Entries taken from a collection:
----------------------------------------
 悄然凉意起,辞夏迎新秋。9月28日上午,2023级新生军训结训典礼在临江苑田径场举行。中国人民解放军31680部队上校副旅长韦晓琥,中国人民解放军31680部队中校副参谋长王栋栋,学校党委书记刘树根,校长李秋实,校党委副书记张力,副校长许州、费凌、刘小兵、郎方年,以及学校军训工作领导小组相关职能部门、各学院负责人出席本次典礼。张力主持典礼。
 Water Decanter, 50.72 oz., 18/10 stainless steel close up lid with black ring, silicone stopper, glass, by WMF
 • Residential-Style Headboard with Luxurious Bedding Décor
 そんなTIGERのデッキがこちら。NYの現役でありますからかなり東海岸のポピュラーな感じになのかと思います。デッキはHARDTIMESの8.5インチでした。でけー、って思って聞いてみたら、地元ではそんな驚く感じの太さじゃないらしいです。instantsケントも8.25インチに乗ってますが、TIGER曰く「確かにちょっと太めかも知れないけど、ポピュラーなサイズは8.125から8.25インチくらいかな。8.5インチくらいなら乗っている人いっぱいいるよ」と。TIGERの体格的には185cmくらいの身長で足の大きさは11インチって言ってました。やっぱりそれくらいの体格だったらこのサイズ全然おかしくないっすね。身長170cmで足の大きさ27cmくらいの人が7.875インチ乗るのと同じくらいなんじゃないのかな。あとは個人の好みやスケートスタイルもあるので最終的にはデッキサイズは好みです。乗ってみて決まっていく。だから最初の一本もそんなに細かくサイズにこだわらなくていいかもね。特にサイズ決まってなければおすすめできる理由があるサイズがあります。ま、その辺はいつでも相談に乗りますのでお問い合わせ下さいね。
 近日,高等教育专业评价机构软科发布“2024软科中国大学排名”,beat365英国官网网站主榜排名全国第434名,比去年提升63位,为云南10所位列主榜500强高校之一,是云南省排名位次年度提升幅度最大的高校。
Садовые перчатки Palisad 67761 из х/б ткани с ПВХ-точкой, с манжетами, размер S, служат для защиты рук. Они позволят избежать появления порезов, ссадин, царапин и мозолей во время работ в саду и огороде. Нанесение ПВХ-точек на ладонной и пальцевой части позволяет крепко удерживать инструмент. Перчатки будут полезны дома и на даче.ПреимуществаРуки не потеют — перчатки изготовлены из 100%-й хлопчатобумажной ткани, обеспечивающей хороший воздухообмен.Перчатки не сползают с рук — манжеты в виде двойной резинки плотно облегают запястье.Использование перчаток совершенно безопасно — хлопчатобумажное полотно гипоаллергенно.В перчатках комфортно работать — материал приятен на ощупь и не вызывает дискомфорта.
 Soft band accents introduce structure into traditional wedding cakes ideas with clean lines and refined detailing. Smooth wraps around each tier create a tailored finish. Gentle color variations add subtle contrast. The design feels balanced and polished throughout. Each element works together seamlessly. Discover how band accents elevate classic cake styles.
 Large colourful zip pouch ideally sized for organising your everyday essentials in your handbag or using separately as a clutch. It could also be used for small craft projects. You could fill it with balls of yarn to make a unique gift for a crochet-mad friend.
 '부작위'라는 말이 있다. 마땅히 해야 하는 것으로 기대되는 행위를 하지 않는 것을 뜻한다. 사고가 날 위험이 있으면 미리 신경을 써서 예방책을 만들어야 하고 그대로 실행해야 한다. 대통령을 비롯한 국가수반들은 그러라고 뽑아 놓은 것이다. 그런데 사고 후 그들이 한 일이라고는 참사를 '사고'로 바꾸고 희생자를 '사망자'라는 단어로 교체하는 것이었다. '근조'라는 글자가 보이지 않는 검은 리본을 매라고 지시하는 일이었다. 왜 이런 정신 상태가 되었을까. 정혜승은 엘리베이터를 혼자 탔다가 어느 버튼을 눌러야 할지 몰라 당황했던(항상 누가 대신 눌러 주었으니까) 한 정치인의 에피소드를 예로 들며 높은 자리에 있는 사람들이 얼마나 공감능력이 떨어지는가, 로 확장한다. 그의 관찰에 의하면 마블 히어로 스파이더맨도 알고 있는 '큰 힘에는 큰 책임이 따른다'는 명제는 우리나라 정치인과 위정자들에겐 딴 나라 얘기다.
----------------------------------------
## WHAT THE TASK REQUIRES
Nothing but the lines above from the one containing "そんなTIGERのデッキがこ" through the one containing "近日,高等教育专业评价机构软" should appear in the answer, each repeated exactly.

## EXERCISE RESPONSE
 そんなTIGERのデッキがこちら。NYの現役でありますからかなり東海岸のポピュラーな感じになのかと思います。デッキはHARDTIMESの8.5インチでした。でけー、って思って聞いてみたら、地元ではそんな驚く感じの太さじゃないらしいです。instantsケントも8.25インチに乗ってますが、TIGER曰く「確かにちょっと太めかも知れないけど、ポピュラーなサイズは8.125から8.25インチくらいかな。8.5インチくらいなら乗っている人いっぱいいるよ」と。TIGERの体格的には185cmくらいの身長で足の大きさは11インチって言ってました。やっぱりそれくらいの体格だったらこのサイズ全然おかしくないっすね。身長170cmで足の大きさ27cmくらいの人が7.875インチ乗るのと同じくらいなんじゃないのかな。あとは個人の好みやスケートスタイルもあるので最終的にはデッキサイズは好みです。乗ってみて決まっていく。だから最初の一本もそんなに細かくサイズにこだわらなくていいかもね。特にサイズ決まってなければおすすめできる理由があるサイズがあります。ま、その辺はいつでも相談に乗りますのでお問い合わせ下さいね。
 近日,高等教育专业评价机构软科发布“2024软科中国大学排名”,beat365英国官网网站主榜排名全国第434名,比去年提升63位,为云南10所位列主榜500强高校之一,是云南省排名位次年度提升幅度最大的高校。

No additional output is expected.